Once the line containing "standard fit (compulsory)" is found in the material below, it and every line after it should be transcribed exactly, with pictures left out and nothing added.

⁂

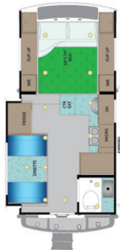
Citation Explore 10'-2" 350/3500+ Long Box Truck
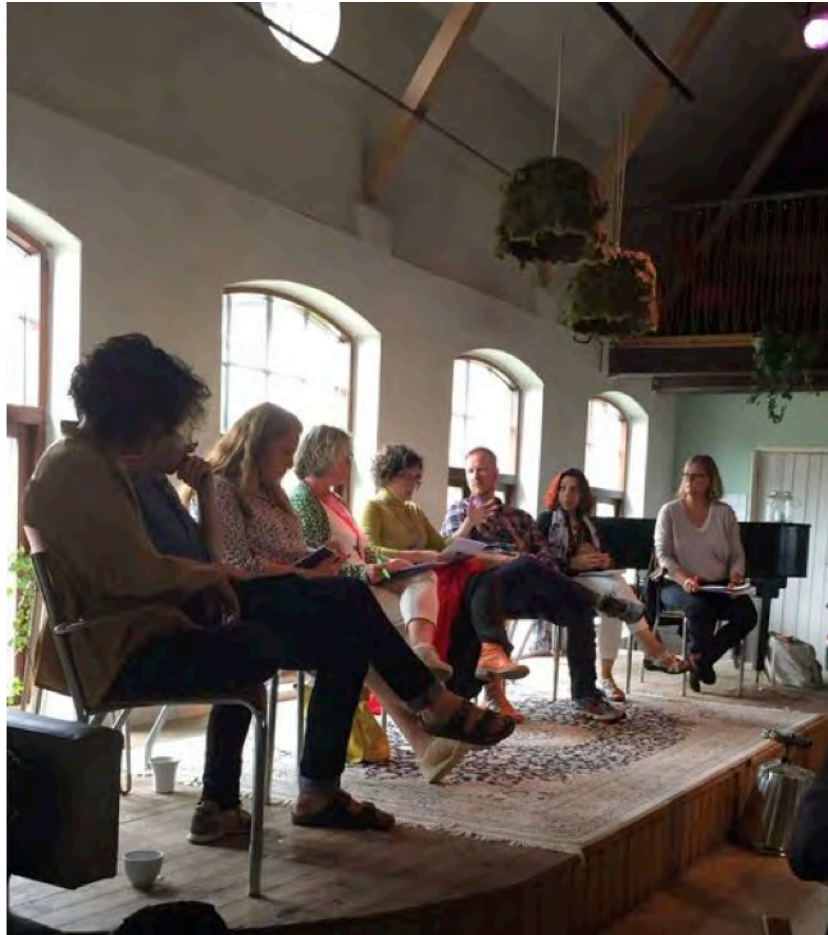
Panel from 2 nd day: Seminar II
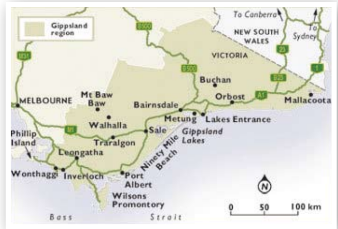
Map of the Gippsland Coastline

The unprecedented combination of high precision measurement and large area extent required innovative design and use of specialised equipment, rigorous error mitigation in data capture, and sophisticated data processing methods in order to meet the project specifications – truly setting a new national benchmark of excellence in the key area of subsidence monitoring.
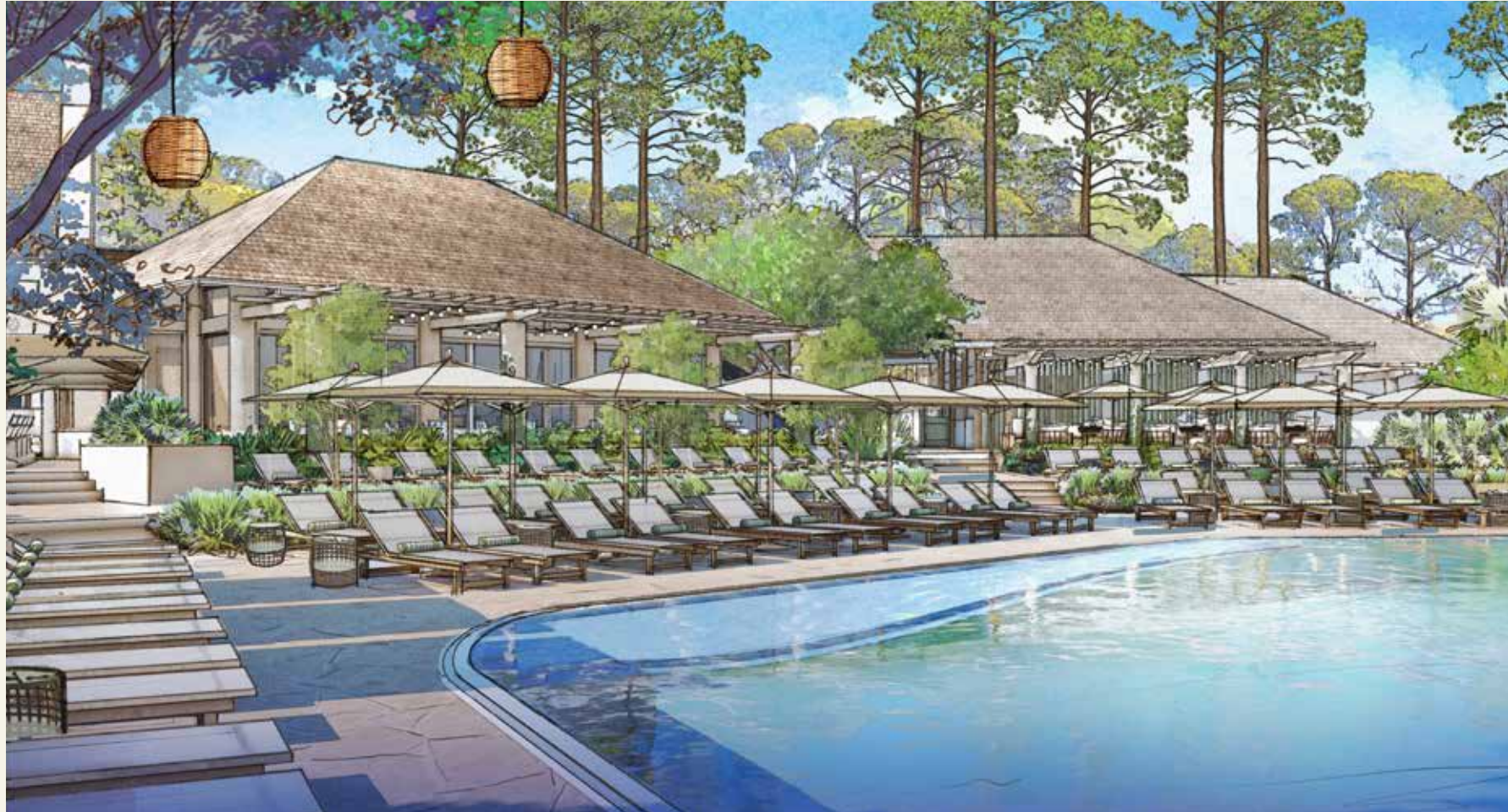
THE SILVA POOL AMENITY
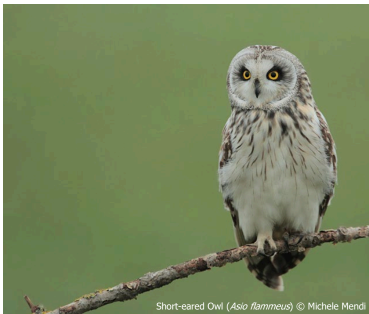
Short-eared Owl ( Asio flammeus )

The Coordinating Unit strives to support Signatories in collaborating and coordinating a full range of conservation actions to increase the effectiveness of the Raptors MOU. Working together to develop international partnerships is necessary to tackle the many threats that migratory birds of prey face.
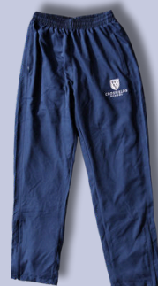
*Tracksuit bottoms standard fit (compulsory)
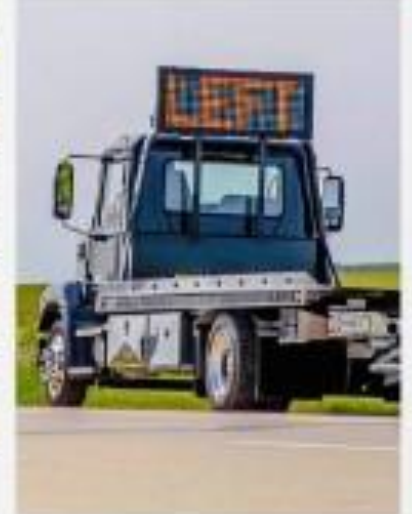
The 3-in-1 SafeAll Traffic Commander
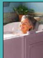
Comfort & Safety
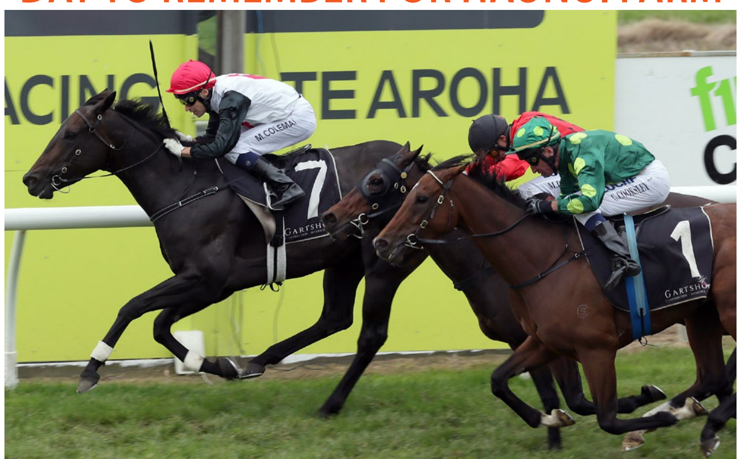
Perfect Fit (#7) has enough in hand to hold out the late charges of Abidewithme (#1) and the southern mare Soubrettes in the New Zealand Thoroughbred Breeders' Stakes.

stunning Group One success capped a perfect day at Te Aroha for one of the country's leading nurseries. The Haunui Farm-bred and owned pair of Nelson Park (NZ) (Iffraaj) and Chancery (NZ) (Makfi) quinellaed the Rating 65 mile before the Karaka stud's star performer Perfect Fit (NZ) (Elusive City) continued her rapid rise to the top with victory in the Fiber Fresh NZ Thoroughbred Breeders' Stakes.
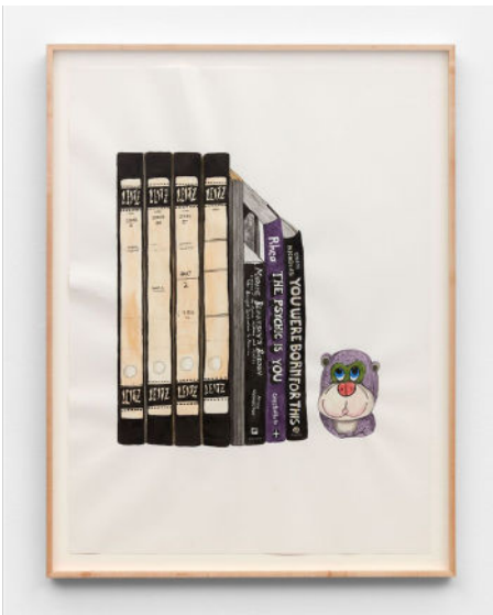
Mariah Garnett, The Psychic is You , 2021, 32 3/4 x 25 1/2 inches, Watercolor on Arches paper, natural maple frame, courtesy of artist and Commonwealth & Council, Los Angeles.

This year's After Party welcomes guests into an exclusive nightclub atmosphere from 10PM–midnight in the Museum's lower-level Nina and Michael Zilkha Gallery. The night will feature music from Wassu, flying from Berlin for this one-night event. Guests can also enjoy a VIP lounge curated by BeDESIGN and CIEL Restaurant + Lounge. After Party tickets are $250 per individual.

⁂

▶ Completed exercise:
*Tracksuit bottoms standard fit (compulsory)
The 3-in-1 SafeAll Traffic Commander
Comfort & Safety
Perfect Fit (#7) has enough in hand to hold out the late charges of Abidewithme (#1) and the southern mare Soubrettes in the New Zealand Thoroughbred Breeders' Stakes.

stunning Group One success capped a perfect day at Te Aroha for one of the country's leading nurseries. The Haunui Farm-bred and owned pair of Nelson Park (NZ) (Iffraaj) and Chancery (NZ) (Makfi) quinellaed the Rating 65 mile before the Karaka stud's star performer Perfect Fit (NZ) (Elusive City) continued her rapid rise to the top with victory in the Fiber Fresh NZ Thoroughbred Breeders' Stakes.
Mariah Garnett, The Psychic is You , 2021, 32 3/4 x 25 1/2 inches, Watercolor on Arches paper, natural maple frame, courtesy of artist and Commonwealth & Council, Los Angeles.

This year's After Party welcomes guests into an exclusive nightclub atmosphere from 10PM–midnight in the Museum's lower-level Nina and Michael Zilkha Gallery. The night will feature music from Wassu, flying from Berlin for this one-night event. Guests can also enjoy a VIP lounge curated by BeDESIGN and CIEL Restaurant + Lounge. After Party tickets are $250 per individual.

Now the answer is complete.